[Records from a collection]
+ + +

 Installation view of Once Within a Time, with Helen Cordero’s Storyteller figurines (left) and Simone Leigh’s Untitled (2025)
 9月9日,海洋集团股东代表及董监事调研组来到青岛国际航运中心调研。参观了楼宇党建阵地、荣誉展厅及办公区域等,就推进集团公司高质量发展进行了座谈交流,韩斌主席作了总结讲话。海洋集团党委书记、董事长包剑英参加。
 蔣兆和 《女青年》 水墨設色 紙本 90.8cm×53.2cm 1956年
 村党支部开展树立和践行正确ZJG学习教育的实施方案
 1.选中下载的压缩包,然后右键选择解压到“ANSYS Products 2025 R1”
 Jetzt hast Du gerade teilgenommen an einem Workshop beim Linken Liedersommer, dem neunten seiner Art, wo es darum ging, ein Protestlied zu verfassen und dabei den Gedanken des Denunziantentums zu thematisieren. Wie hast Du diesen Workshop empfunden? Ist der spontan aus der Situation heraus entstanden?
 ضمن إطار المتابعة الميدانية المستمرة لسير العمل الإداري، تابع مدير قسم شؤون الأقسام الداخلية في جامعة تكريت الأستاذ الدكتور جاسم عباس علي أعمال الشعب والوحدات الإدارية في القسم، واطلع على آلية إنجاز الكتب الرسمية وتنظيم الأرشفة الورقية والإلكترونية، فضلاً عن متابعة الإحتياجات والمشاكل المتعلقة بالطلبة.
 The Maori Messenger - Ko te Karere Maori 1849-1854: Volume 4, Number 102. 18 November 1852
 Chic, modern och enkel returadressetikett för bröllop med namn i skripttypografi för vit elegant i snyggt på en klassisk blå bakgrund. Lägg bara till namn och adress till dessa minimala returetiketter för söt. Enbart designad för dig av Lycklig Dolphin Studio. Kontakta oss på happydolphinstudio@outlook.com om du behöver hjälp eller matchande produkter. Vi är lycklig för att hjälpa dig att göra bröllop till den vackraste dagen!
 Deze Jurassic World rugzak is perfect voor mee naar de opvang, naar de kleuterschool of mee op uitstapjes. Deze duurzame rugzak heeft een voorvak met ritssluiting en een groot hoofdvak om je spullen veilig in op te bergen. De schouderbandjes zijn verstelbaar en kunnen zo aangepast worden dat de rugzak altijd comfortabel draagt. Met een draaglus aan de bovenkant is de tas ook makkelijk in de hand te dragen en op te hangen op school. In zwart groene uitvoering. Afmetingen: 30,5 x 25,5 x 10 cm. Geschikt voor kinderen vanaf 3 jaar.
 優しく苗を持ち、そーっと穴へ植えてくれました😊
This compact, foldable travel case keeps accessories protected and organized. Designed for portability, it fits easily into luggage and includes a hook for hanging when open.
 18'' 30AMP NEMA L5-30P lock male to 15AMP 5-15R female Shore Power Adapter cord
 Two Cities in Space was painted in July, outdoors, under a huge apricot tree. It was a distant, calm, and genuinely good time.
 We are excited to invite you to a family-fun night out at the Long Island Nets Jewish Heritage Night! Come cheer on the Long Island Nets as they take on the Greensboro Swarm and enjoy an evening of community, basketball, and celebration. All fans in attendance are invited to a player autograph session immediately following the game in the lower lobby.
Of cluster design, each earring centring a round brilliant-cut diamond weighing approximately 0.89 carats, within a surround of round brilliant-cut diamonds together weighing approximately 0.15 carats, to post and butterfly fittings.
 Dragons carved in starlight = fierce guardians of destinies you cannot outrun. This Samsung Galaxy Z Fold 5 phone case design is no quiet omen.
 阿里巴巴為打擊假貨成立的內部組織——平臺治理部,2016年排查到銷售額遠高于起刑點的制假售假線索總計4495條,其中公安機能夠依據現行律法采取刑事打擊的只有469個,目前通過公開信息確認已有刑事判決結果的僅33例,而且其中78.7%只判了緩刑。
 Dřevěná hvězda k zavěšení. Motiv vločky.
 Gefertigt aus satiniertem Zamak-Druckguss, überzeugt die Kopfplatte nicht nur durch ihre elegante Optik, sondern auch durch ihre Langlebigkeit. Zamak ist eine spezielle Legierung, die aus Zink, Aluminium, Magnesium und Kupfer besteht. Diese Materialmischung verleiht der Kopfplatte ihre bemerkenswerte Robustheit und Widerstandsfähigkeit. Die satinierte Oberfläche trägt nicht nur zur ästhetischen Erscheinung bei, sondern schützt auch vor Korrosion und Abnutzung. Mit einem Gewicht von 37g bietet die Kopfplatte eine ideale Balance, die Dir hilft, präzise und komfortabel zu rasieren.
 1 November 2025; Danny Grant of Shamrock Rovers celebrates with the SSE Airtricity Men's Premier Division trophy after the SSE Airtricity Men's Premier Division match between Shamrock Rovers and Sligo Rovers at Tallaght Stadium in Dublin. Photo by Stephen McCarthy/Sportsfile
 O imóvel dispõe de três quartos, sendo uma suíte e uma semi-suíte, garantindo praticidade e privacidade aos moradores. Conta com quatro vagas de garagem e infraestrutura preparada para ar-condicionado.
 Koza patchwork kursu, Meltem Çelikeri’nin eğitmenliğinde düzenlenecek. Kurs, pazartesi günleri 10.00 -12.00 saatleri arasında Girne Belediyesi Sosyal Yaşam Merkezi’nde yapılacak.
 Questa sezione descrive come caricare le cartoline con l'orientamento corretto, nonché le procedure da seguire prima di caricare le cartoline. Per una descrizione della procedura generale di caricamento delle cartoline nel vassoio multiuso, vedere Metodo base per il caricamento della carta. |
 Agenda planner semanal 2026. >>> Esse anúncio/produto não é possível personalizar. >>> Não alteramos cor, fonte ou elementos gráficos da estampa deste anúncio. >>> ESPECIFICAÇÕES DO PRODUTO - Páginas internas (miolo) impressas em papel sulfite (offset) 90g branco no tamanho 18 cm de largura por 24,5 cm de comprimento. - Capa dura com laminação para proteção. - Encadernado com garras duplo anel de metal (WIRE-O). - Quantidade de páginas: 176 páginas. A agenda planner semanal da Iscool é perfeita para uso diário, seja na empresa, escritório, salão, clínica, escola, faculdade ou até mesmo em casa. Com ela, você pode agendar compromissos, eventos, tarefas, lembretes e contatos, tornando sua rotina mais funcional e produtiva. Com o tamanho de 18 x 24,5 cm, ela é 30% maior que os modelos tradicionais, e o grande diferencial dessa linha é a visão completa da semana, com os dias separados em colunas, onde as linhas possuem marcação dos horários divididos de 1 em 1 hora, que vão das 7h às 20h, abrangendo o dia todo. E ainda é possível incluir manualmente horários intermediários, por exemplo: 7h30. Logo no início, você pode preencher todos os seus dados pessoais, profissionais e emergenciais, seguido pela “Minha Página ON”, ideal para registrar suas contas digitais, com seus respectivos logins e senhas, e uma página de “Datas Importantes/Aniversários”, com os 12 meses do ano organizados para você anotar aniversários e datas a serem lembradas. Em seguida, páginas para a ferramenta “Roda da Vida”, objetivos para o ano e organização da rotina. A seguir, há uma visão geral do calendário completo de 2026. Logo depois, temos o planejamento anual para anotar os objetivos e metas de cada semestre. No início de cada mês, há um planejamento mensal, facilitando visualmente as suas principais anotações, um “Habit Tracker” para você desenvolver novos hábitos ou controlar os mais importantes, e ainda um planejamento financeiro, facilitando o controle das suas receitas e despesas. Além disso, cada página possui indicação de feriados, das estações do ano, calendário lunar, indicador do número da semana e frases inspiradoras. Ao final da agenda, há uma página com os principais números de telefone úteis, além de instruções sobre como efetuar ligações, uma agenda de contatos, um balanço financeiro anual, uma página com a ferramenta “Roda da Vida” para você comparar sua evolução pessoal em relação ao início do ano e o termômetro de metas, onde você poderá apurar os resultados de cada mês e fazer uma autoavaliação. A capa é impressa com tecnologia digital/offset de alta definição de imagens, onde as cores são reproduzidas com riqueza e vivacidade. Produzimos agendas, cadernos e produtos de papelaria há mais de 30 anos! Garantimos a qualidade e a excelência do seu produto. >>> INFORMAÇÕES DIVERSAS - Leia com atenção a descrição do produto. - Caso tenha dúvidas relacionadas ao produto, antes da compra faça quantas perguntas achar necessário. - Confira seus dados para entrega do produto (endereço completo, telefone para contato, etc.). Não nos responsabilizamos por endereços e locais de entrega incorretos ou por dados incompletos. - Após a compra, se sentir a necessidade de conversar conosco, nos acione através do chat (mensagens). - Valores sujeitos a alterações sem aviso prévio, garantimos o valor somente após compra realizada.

+ + +

▶ **ASSIGNMENT**: Return, unchanged, the run of lines above that opens with the line containing "This compact, foldable" and closes with the line containing "Dřevěná hvězda k zavěšení. Motiv vločky.". Include both.

▶ **REPLY**:
This compact, foldable travel case keeps accessories protected and organized. Designed for portability, it fits easily into luggage and includes a hook for hanging when open.
 18'' 30AMP NEMA L5-30P lock male to 15AMP 5-15R female Shore Power Adapter cord
 Two Cities in Space was painted in July, outdoors, under a huge apricot tree. It was a distant, calm, and genuinely good time.
 We are excited to invite you to a family-fun night out at the Long Island Nets Jewish Heritage Night! Come cheer on the Long Island Nets as they take on the Greensboro Swarm and enjoy an evening of community, basketball, and celebration. All fans in attendance are invited to a player autograph session immediately following the game in the lower lobby.
Of cluster design, each earring centring a round brilliant-cut diamond weighing approximately 0.89 carats, within a surround of round brilliant-cut diamonds together weighing approximately 0.15 carats, to post and butterfly fittings.
 Dragons carved in starlight = fierce guardians of destinies you cannot outrun. This Samsung Galaxy Z Fold 5 phone case design is no quiet omen.
 阿里巴巴為打擊假貨成立的內部組織——平臺治理部,2016年排查到銷售額遠高于起刑點的制假售假線索總計4495條,其中公安機能夠依據現行律法采取刑事打擊的只有469個,目前通過公開信息確認已有刑事判決結果的僅33例,而且其中78.7%只判了緩刑。
 Dřevěná hvězda k zavěšení. Motiv vločky.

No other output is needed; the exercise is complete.